Means and sample averages

Imagine a well defined population like “the heights (in cm) of all students currently registered in the history department at KCL”
- Imagine this is 1000 students
This population has a mean which we will call \(\mu\) (it is convention to use the greek letter mu for the population mean)
This population has a standard deviation which we will call \(\sigma\) (it is convention to use the greek letter sigma for the population standard deviation)
I take the heights of the ~20 history students in this class and calculate the average height \(\bar{x}\)

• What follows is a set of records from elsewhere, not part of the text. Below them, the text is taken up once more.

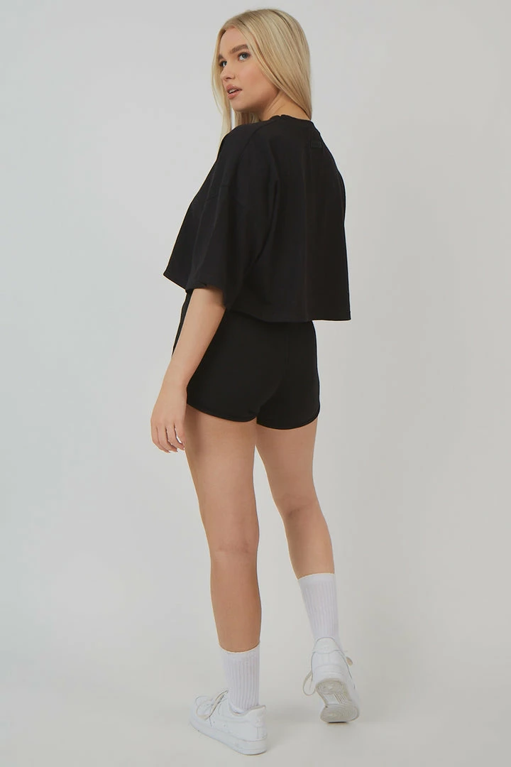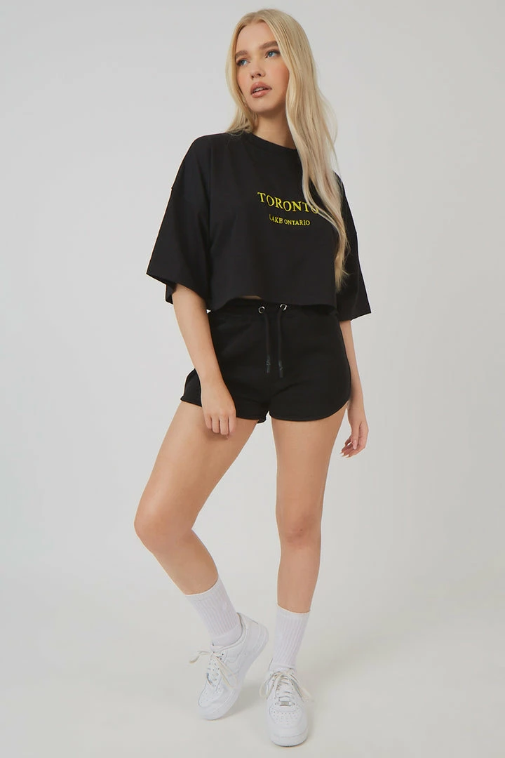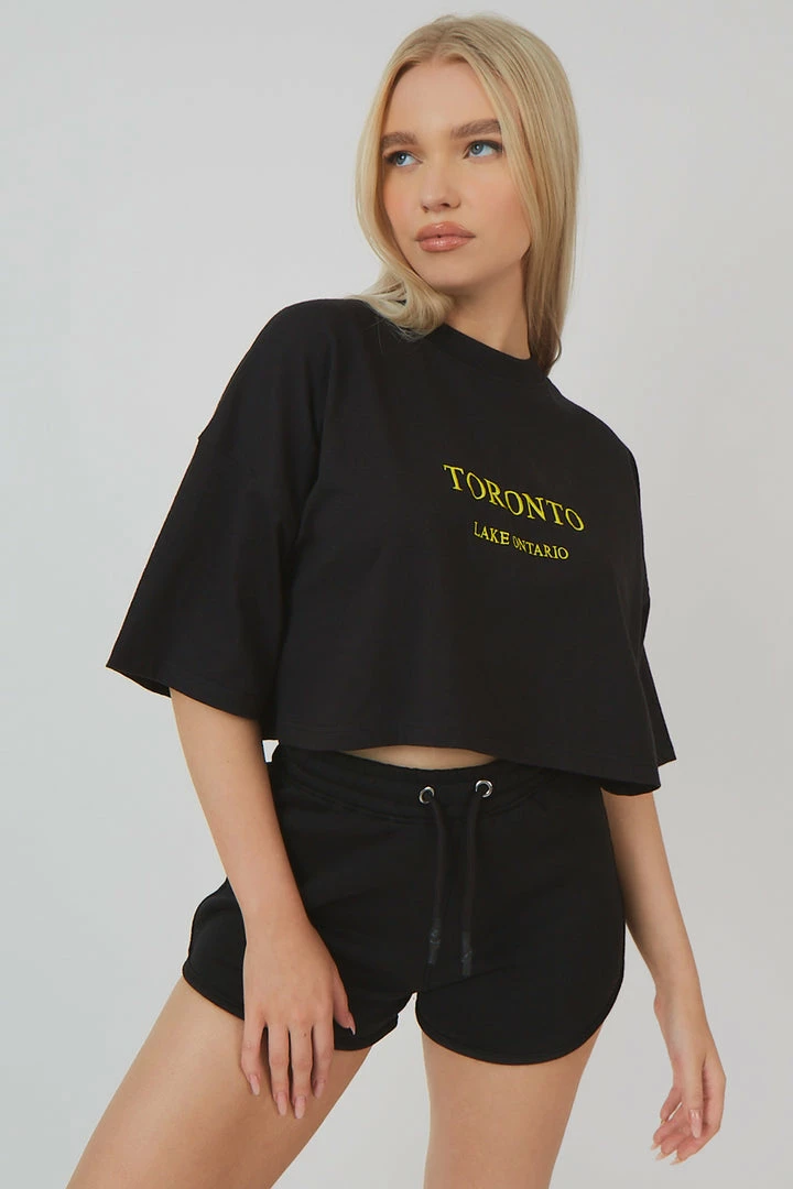A black crop top with short sleeves featuring embroidery.
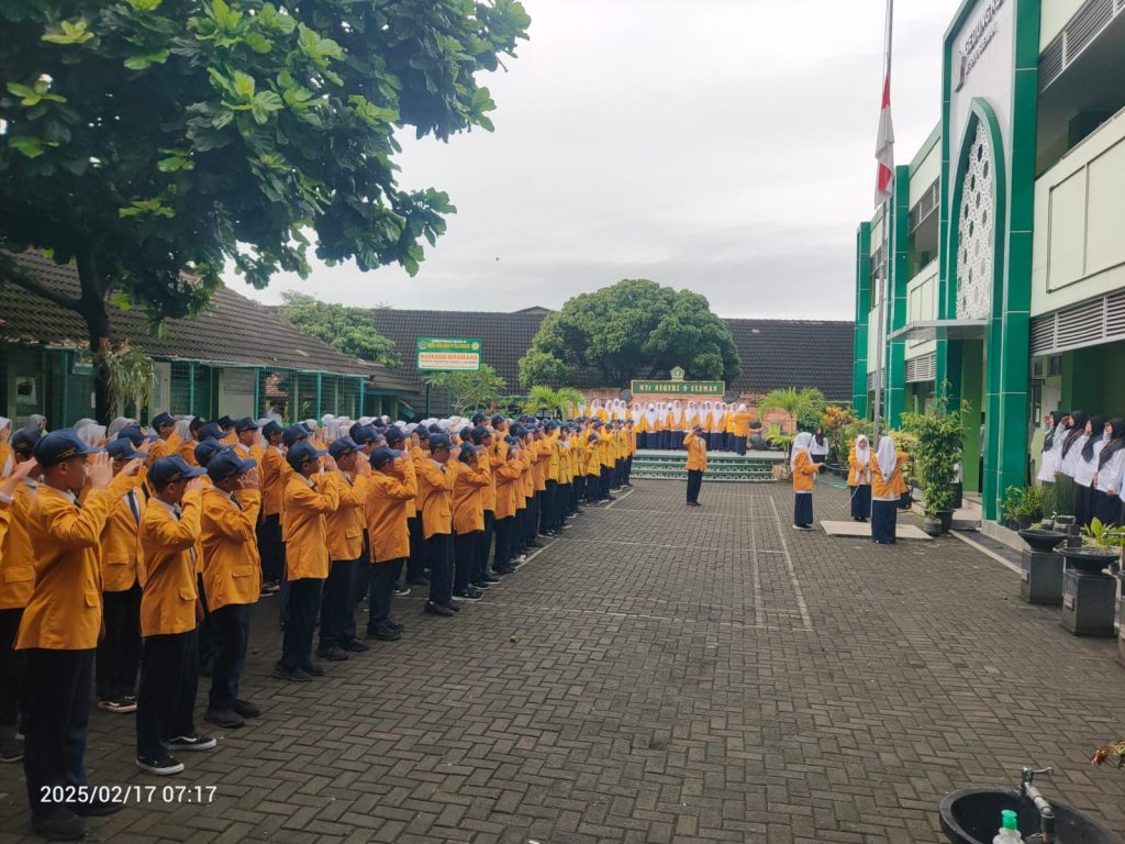 Kemenag Sleman News (MTsN 9 Sleman) – MTsN 9 Sleman menggelar upacara bendera rutin pada Senin (17/2/2025) pagi di halaman madrasah. Upacara yang dimulai pukul 07.00 WIB ini berlangsung dengan khidmat setelah sesi tahfidz takhasus.
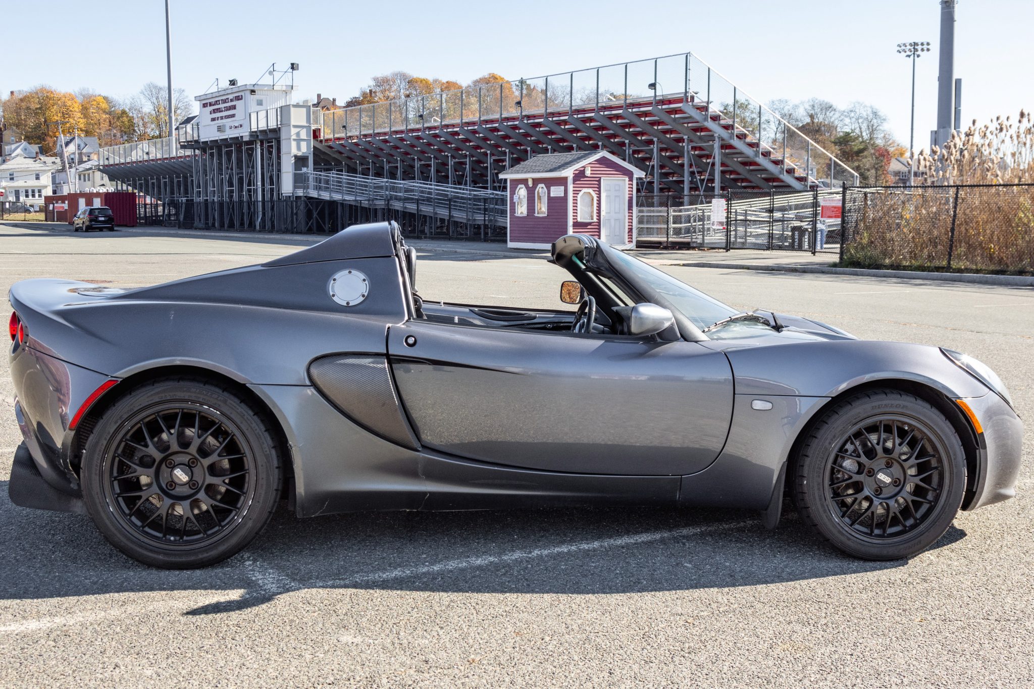 Black-finished BBS multi-spoke wheels wear 205/45-16 Dunlop Direzza tires up front and 245/40-17 rubber out back. Braking is handled by ventilated and slotted discs, and the parking brake cable was replaced in 2022.
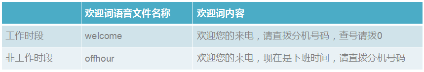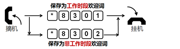 摘机按*8301,用这段录音替换工作时段欢迎词;按*8302,替换非工作时段欢迎词。

What is the relationship between \(\bar{x}\) and \(\mu\)?

Means and sample averages

Sample vs population

In practice we rarely observe the full population
We observe a sample and want to learn about the population
Sample statistics are estimates of population parameters

Population parameter	Sample statistic
\(\mu\) (mean)	\(\bar{x}\)
\(\sigma^2\) (variance)	\(s^2\)
\(\sigma\) (std dev)	\(s\)

The sampling distribution

A sample mean is itself subject to sampling error
If we drew many samples from the same population, each would give a different \(\bar{x}\)
The distribution of these sample means is called the sampling distribution
This distribution has its own spread, which we can quantify

The standard error of the mean

The standard error of the mean (SEM) describes how much sample means vary:

\[SE(\bar{x}) = \frac{\sigma}{\sqrt{n}}\]

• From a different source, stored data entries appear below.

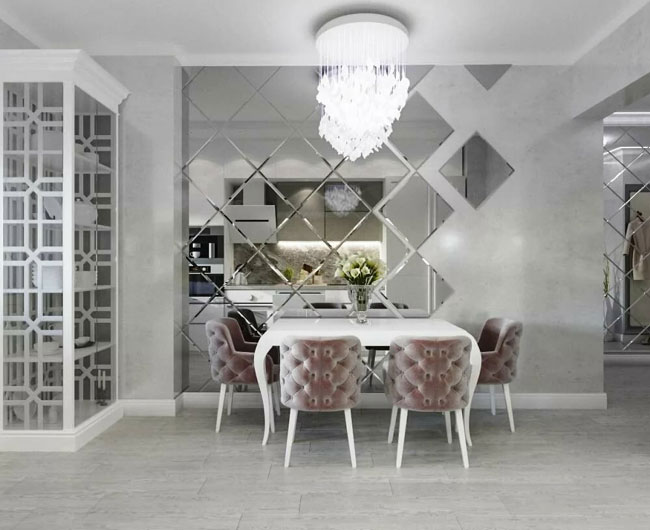 - Используйте зеркала для зонирования. Такой прием помогает разделить пространство без перегородок.
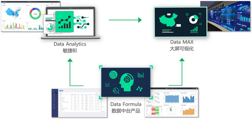 • Data Formula 是一款企业数据中台产品,可解决企业面临的数据孤岛、数据不一致、数据维护混乱等各类数据问题,可以根据企业特有的业务架构,构建起一套统一的、标签化的、API化的,并可持续更新的数据资产管理平台,从而为企业的前台业务部门提供决策的快速响应、精细化运营,以及应用支撑等多种要求,使企业能够真正做到自身能力与用户需求的持续无缝对接。
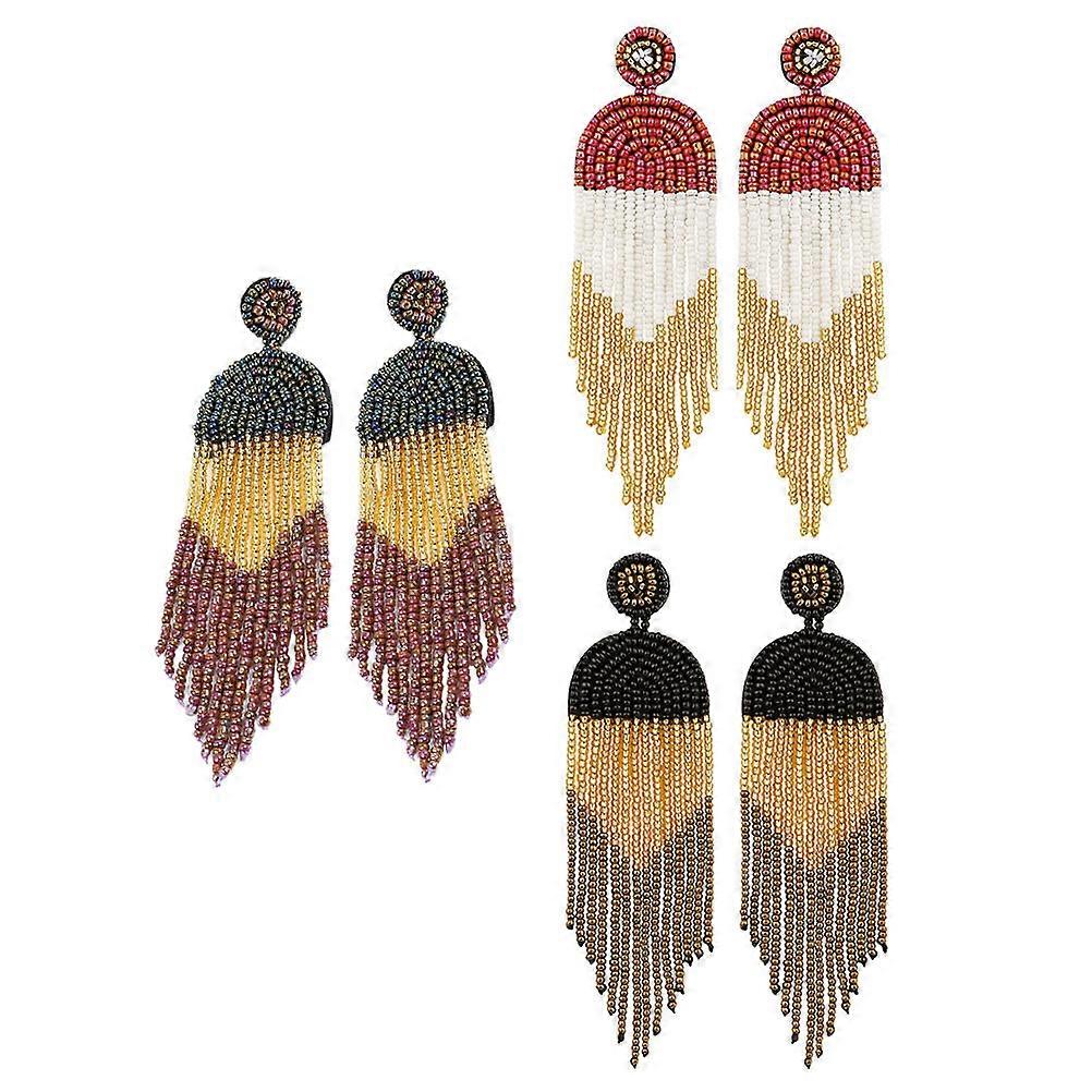 Bead Earring Ladies Dangle Earrings Bohemian Dangle Earrings Ethnic Ear Jewelry Red 11.5X3.5CM Beaded Tassel 3 Pairs
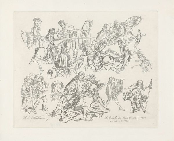 Editor: This graphite and pencil drawing is titled "Study for The Battle of Waterloo," created around 1824 by Jan Willem Pieneman. It's at the Rijksmuseum. It has such an ephemeral quality; like a fleeting memory of conflict. What's your interpretation of the work, seeing it within its historical context? Curator: Pieneman here participates in a European-wide effort to represent and memorialize the Napoleonic Wars. This sketch offers insight into the staging of such representations. We see, not a battle in media res, but an effort to understand how the heroic individual exists amidst the chaotic movements of war. The light tonality also participates in this agenda, making the conflict one event among many that make up "history." Do you notice how the chaotic scrum of bodies contrast with the lone figure on horseback, rearing up? Editor: I do, it's really striking! It seems to underscore a tension between individual glory and the brutal reality for the masses involved. How would this preparatory sketch have informed Pieneman's eventual painting, and who exactly was that painting designed to address? Curator: Excellent question. By accentuating specific parts of the composition, Pieneman could have highlighted certain political perspectives of the battlefield itself. Think about how memorialization is often as much about celebrating a nation as about mourning loss. And, for whom do these memorials serve? Who gets remembered? Who is forgotten, or actively erased? Editor: So, the figures chosen, the poses struck...it all becomes part of a political statement about national identity. Curator: Precisely. Now, how might a contemporary artist approach the same subject matter, given the changes in warfare and the social values regarding conflict? Editor: That's fascinating to consider; I guess what struck me initially as ethereal might actually be part of a conscious construction of history and the public memory. Thanks for the insightful perspectives. Curator: Likewise. Thinking about art's role in shaping public understanding always keeps it relevant and helps us look critically.
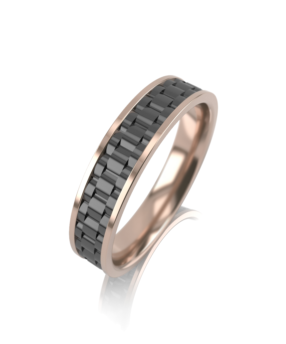 Обручальное кольцо, выполненное из красного золота 585 пробы в сочетании с черной керамикой, которая имеет оригинальную текстуру.
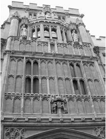 Один из самых древних колледжей Оксфорда – Мертон, основан в 1264 г. канцлером Англии Уолтером Мертоном. Этот колледж послужил образцом при создании многих других колледжей университета. Его учебные и жилые здания полностью обособлены, сгруппированы вокруг коллегиальной церкви. Здесь до сих пор студенты живут вместе с преподавателями, соблюдая средневековую традицию. Здания колледжа построены из местного желтого известняка. Крутые скаты крыши трехэтажного фасада с высокими печными трубами замаскированы ритмично следующими треугольными фронтонами одинаковой ширины, каждый из которых увенчивает секцию стены с двумя окнами. В центре здания высится мощная прямоугольная башня в перпендикулярном стиле – с двумя полукруглыми окнами в нишах, контрфорсами по углам и тремя высокими пинаклями с каждой стороны. Противоположный фасад колледжа выходит на ботанический сад, основанный в 1621 г., и луга Крайст-Черч, на которых стоит крупнейший колледж Оксфорда.

Key insight: the standard error decreases as sample size increases
Larger samples give more precise estimates

The standard error and sample size

Sample mean and ±2 SD for different sample sizes

Standard deviation vs standard error

	Standard Deviation (SD)	Standard Error (SE)
Measures	Spread of individual observations	Spread of sample means
Question	How variable is the data?	How uncertain is our estimate of the mean?
Formula	\(s = \sqrt{\frac{1}{n}\sum(x_i - \bar{x})^2}\)	\(SE = \frac{s}{\sqrt{n}}\)
As n increases	Stays roughly the same	Gets smaller
Describes	The population/sample itself	Our knowledge about the population

Intuition for the standard error

Sampling distribution of the mean narrows as sample size increases

Why the standard error matters

The standard error lets us quantify uncertainty about our estimate
Larger samples give more precise estimates (smaller SE)
This is the foundation for:
- Confidence intervals
- Hypothesis testing
- Assessing statistical significance

Statistical vs substantive significance

The standard error is what is used to determine if something is ‘statistically significantly different’ from another thing (usually zero)
That is because confidence intervals are constructed using the standard error (we discussed CIs last week)
The bigger your sample the smaller the CI
McCloskey and Ziliak (1996) insists we should not confuse statistical significance with substantive significance

Statistical significance is about how precisely we measure something, not how big something is.

Key takeaways

Location (mean, median, mode) tells us where the center is – each minimizes a different type of error
Scale (variance, standard deviation) tells us how spread out the data is
The standard error tells us how uncertain we are about our estimate of the mean (it is the standard deviation of our parameter of interest)

Bibliography

McCloskey, Deirdre N., and Stephen T. Ziliak. 1996. “The Standard Error of Regressions.” Journal of Economic Literature 34 (1): 97–114. http://www.jstor.org/stable/2729411.

Stigler, Stephen M. 2016. The seven pillars of statistical wisdom. Cambridge, Massachusetts London, England: Harvard University Press.